* ACTION ITEM: Find the line containing "AC Booster V2は、往年の名作であるAC". Retype it and every later line of the records exactly, leaving out pictures.

====== SUPPLIED RECORDS ======

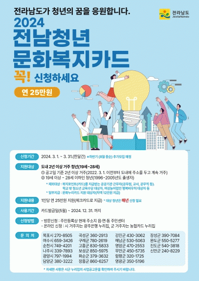 공연 관람, 학원 수강, 도서 구입 등 청년의 문화생활 향유 및 자기계발 기회 제공을 위한 지원사업은, 신청일 현재 2년 이상 전남에 거주하고 있는 19~28세가 참여할 수 있고, 연 25만원의 문화복지비를 지원하는 내용.
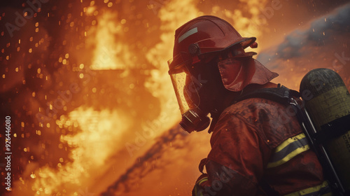 A Brave Firefighter Battling an Intense Blaze in a Dramatic and Heroic Scene Unfolding
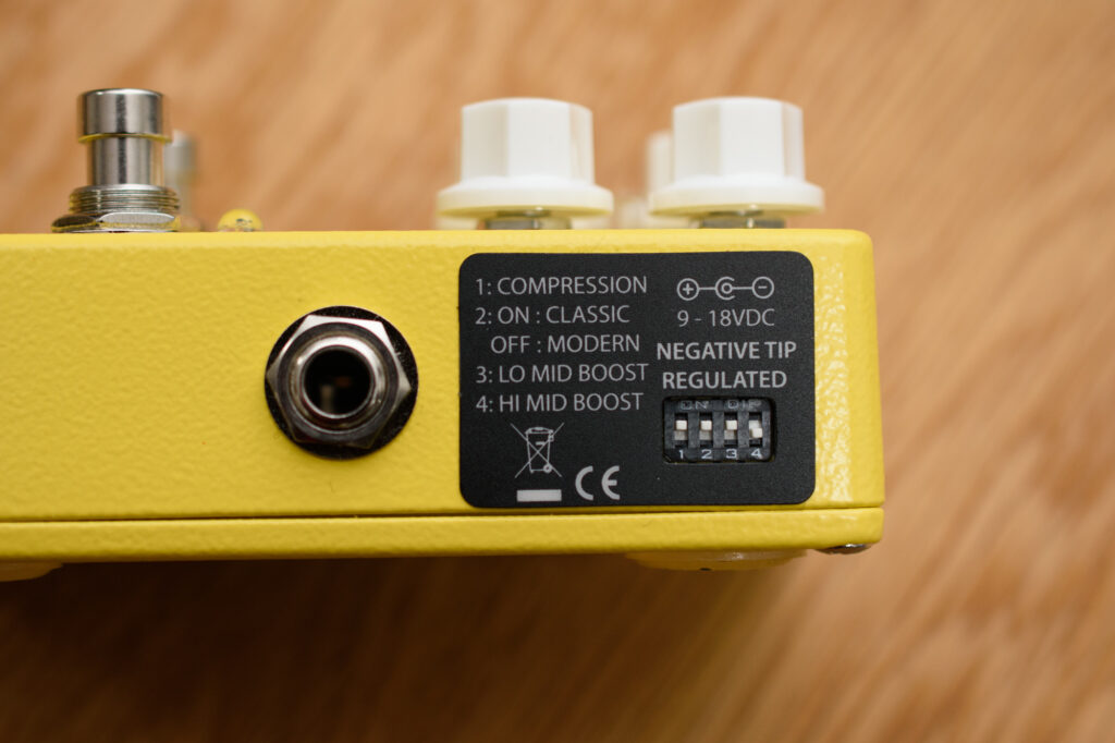 AC Booster V2は、往年の名作であるAC Boosterにフットスイッチを1つ追加し、ブーストを載せたことが大きな特徴となっています。さらに、側面にDIPスイッチが追加され、これによって基本キャラクターやコンプレッション感、帯域のバランスを変更可能となっています。
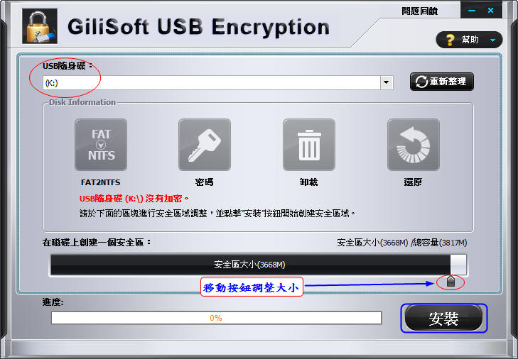 選擇USB裝置的位址並設定”安全區”大小,按”安裝”按鍵
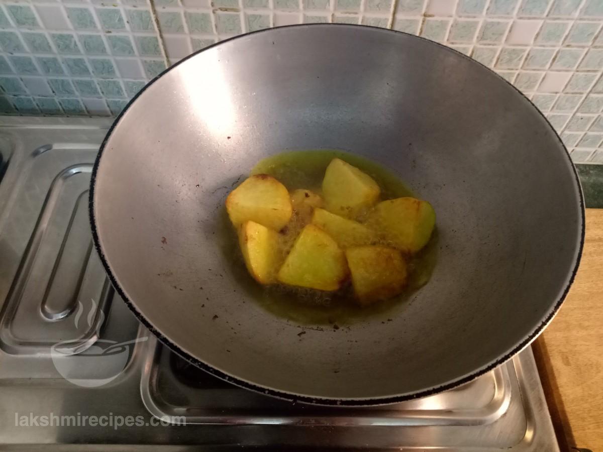 - Now heat a kadhai and add mustard oil to it. When the oil is hot enough for frying then add pieces of boiled potato to it. Fry the pieces of boiled potato till it turns golden red in color on all sides. Transfer the fried pieces of boiled potato to a plate to be used later.
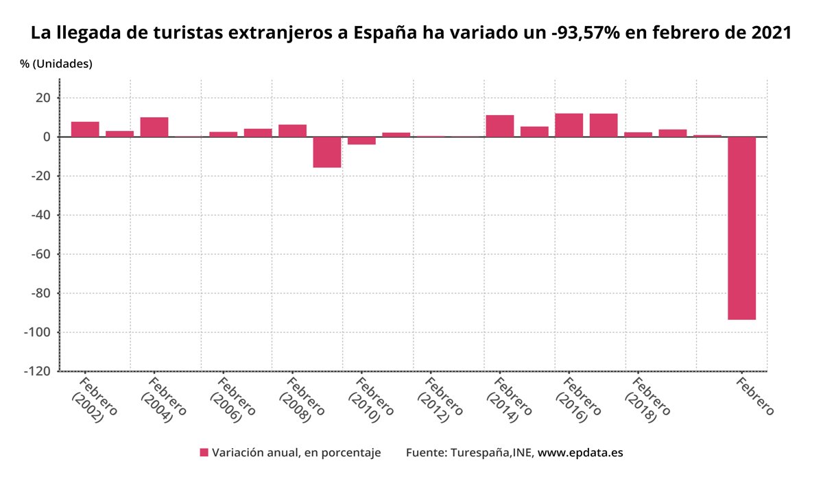 España recibió en febrero la visita de 284.311 turistas internacionales, un 93,6% menos que en el mismo mes de 2020, como consecuencia de la tercera ola de la pandemia, según datos publicados este martes por el Instituto Nacional de Estadística (INE).
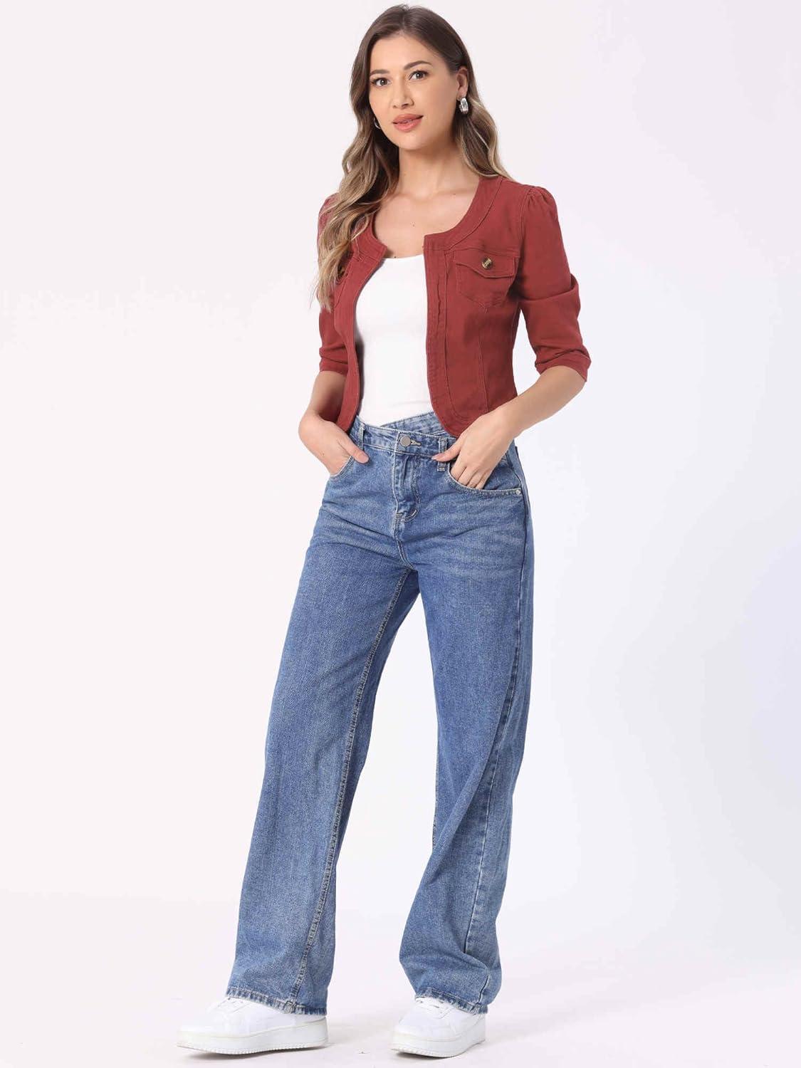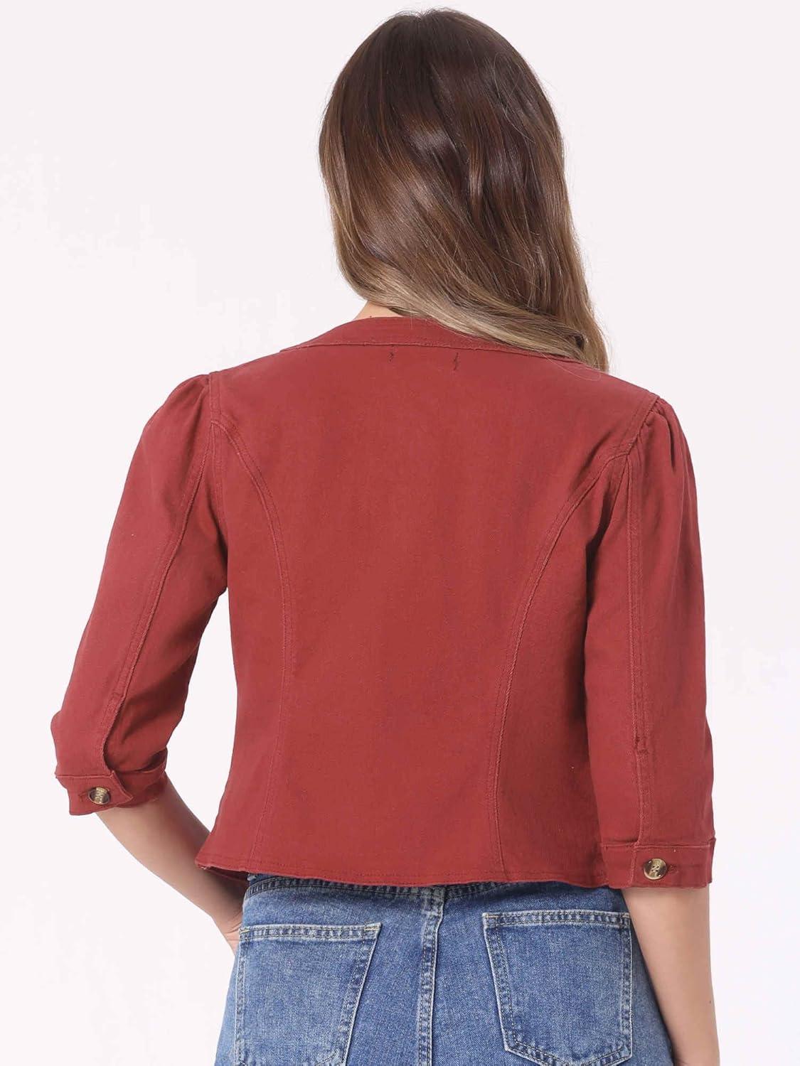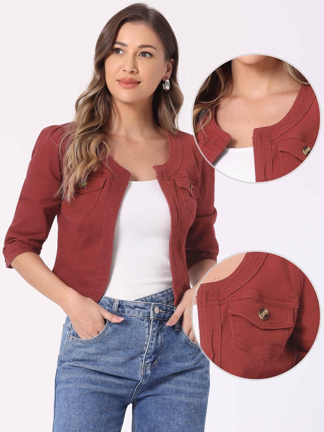 Allegra K Denim Jacket for Women’s Collarless 2025 Cardigan 3/4 Sleeve Crop Jean Jackets(Brick Red)
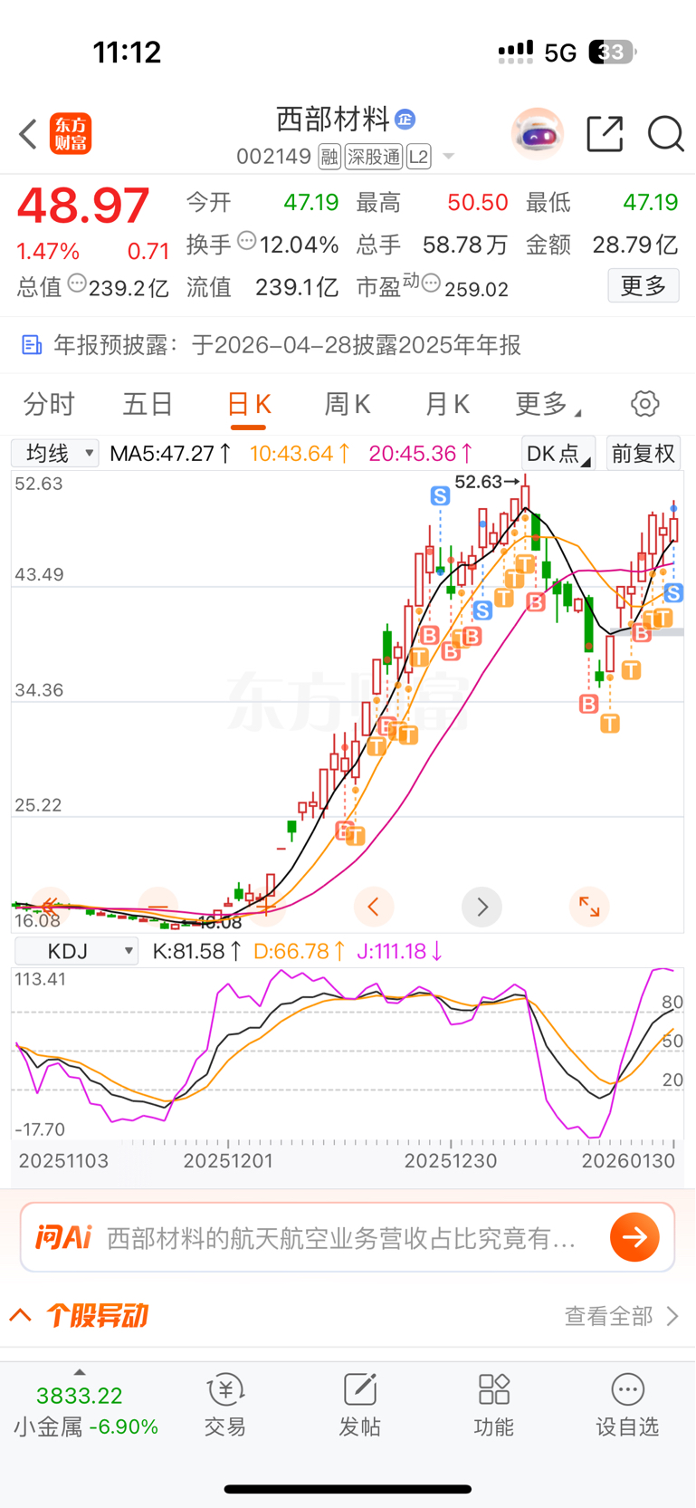 $西部材料(SZ002149)$ 经过上一次教训,上一次利润3w,没走,全给回去,这次先跑了,利润4w,下周观望再回,这是一只好股
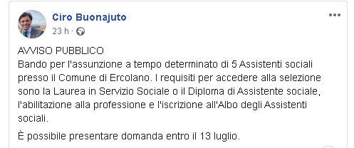 Lo apprendiamo dalla pagina Facebook di Ciro Buonajuto, Sindaco di Ercolano:

======

* SOLUTION:
 AC Booster V2は、往年の名作であるAC Boosterにフットスイッチを1つ追加し、ブーストを載せたことが大きな特徴となっています。さらに、側面にDIPスイッチが追加され、これによって基本キャラクターやコンプレッション感、帯域のバランスを変更可能となっています。
 選擇USB裝置的位址並設定”安全區”大小,按”安裝”按鍵
 - Now heat a kadhai and add mustard oil to it. When the oil is hot enough for frying then add pieces of boiled potato to it. Fry the pieces of boiled potato till it turns golden red in color on all sides. Transfer the fried pieces of boiled potato to a plate to be used later.
 España recibió en febrero la visita de 284.311 turistas internacionales, un 93,6% menos que en el mismo mes de 2020, como consecuencia de la tercera ola de la pandemia, según datos publicados este martes por el Instituto Nacional de Estadística (INE).
 Allegra K Denim Jacket for Women’s Collarless 2025 Cardigan 3/4 Sleeve Crop Jean Jackets(Brick Red)
 $西部材料(SZ002149)$ 经过上一次教训,上一次利润3w,没走,全给回去,这次先跑了,利润4w,下周观望再回,这是一只好股
 Lo apprendiamo dalla pagina Facebook di Ciro Buonajuto, Sindaco di Ercolano:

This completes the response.